Gabriel Montilla
- Country (sports): Puerto Rico
- Born: 11 August 1979 (age 45)
- Prize money: $11,921

Singles
- Career record: 21–7 (Davis Cup)
- Highest ranking: No. 673 (9 Dec 2002)

Doubles
- Career record: 17–8 (Davis Cup)
- Highest ranking: No. 692 (28 Oct 2002)

Medal record
Central American and Caribbean Games
| Gold medal – first place | 2002 San Salvador | Mixed Doubles |

= Gabriel Montilla =

Puerto Rican tennis player

Gabriel Montilla (born 11 August 1979) is a Puerto Rican former professional tennis player.

Before competing on the professional tour, Montilla played collegiate tennis for the Indiana Hoosiers.

Montilla is Puerto Rico's most successful Davis Cup player in history, with 38 overall wins, 21 in singles and 17 in doubles. His Davis Cup career, which included 33 ties, was played from 1999 to 2006, before a final comeback appearance in 2015.

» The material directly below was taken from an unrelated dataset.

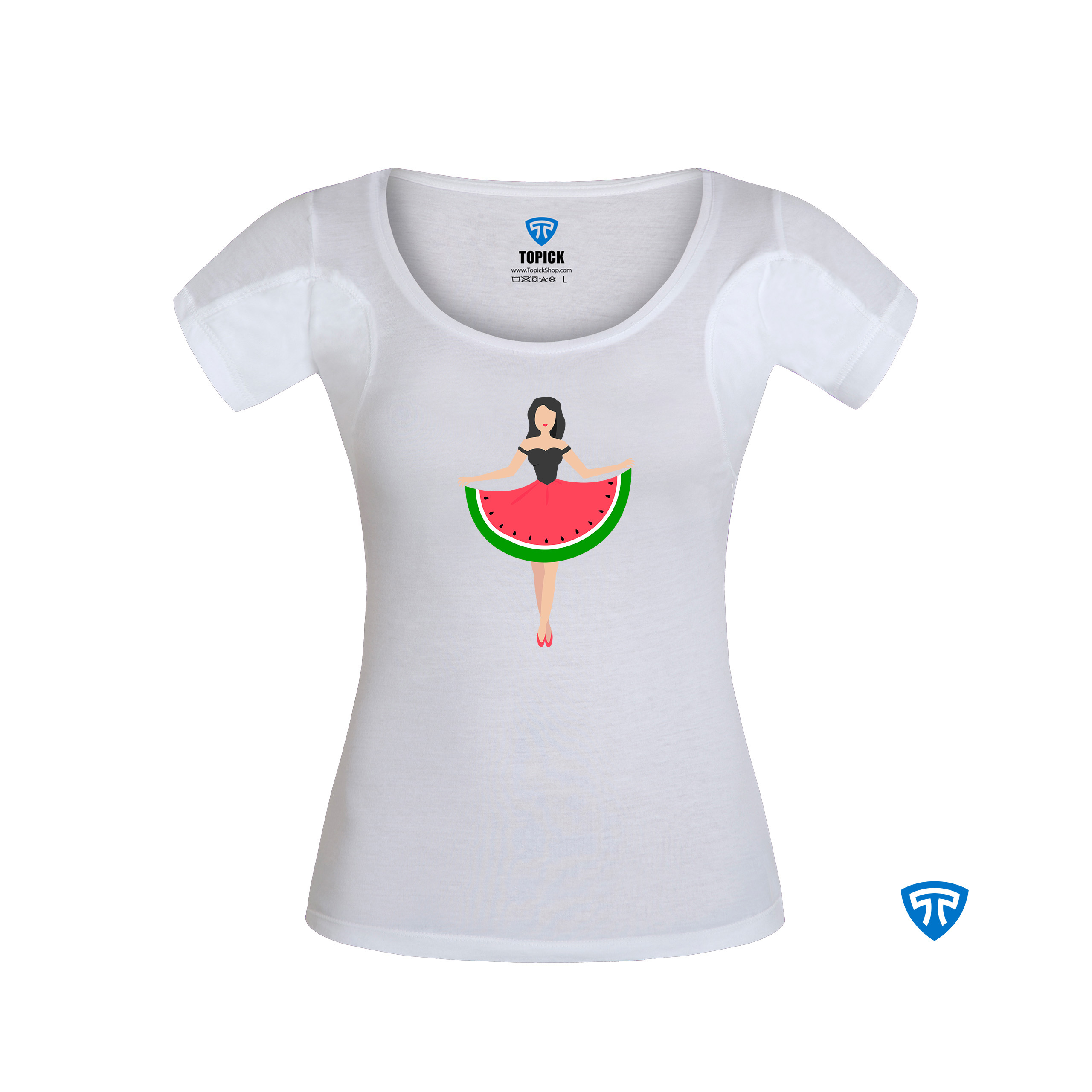 تیشرت ضدتعریق زنانه سفید طرح دختر دامن هندونه ای (تاپ مشکی)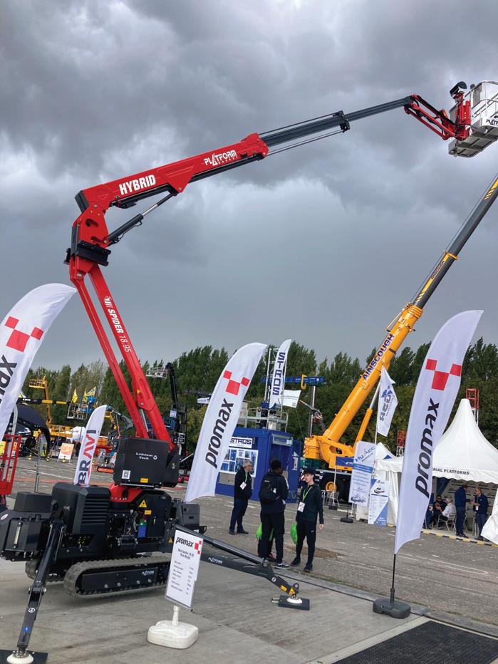 Hinowa models, most notably the 40m 40.18 tracked spider and smaller sibling the 26.14. Next door Promax Access featured the brand-new Platform Spider 54T. With a 54m working height and 20m outreach, it features a four person, 400kg cage capacity, an OEM 125kg cage winch and optional 1000kg hoist attachment for heavy-duty lifting. At the other end of the scale the new, nifty and slimline Spider 18.95 has a working height of 19.6m, a maximum outreach of 9.6m and a safe working load of 230kg. With radio control and a hybrid option, the model should lend itself to many applications.

At the 2002 Central American and Caribbean Games, Montilla was a mixed doubles gold medalist partnering Kristina Brandi. They won the final against the Mexican pairing of Santiago González and Melissa Torres Sandoval.

Montilla represented Puerto Rico at the 2003 Pan American Games in Santo Domingo and was eliminated from the singles draw in unusual circumstances. After winning his first two matches, he was due to meet Brazil's Fernando Meligeni in the third round, but didn't arrive to court on time and was defaulted. He had mistakenly thought the match was scheduled for the following day.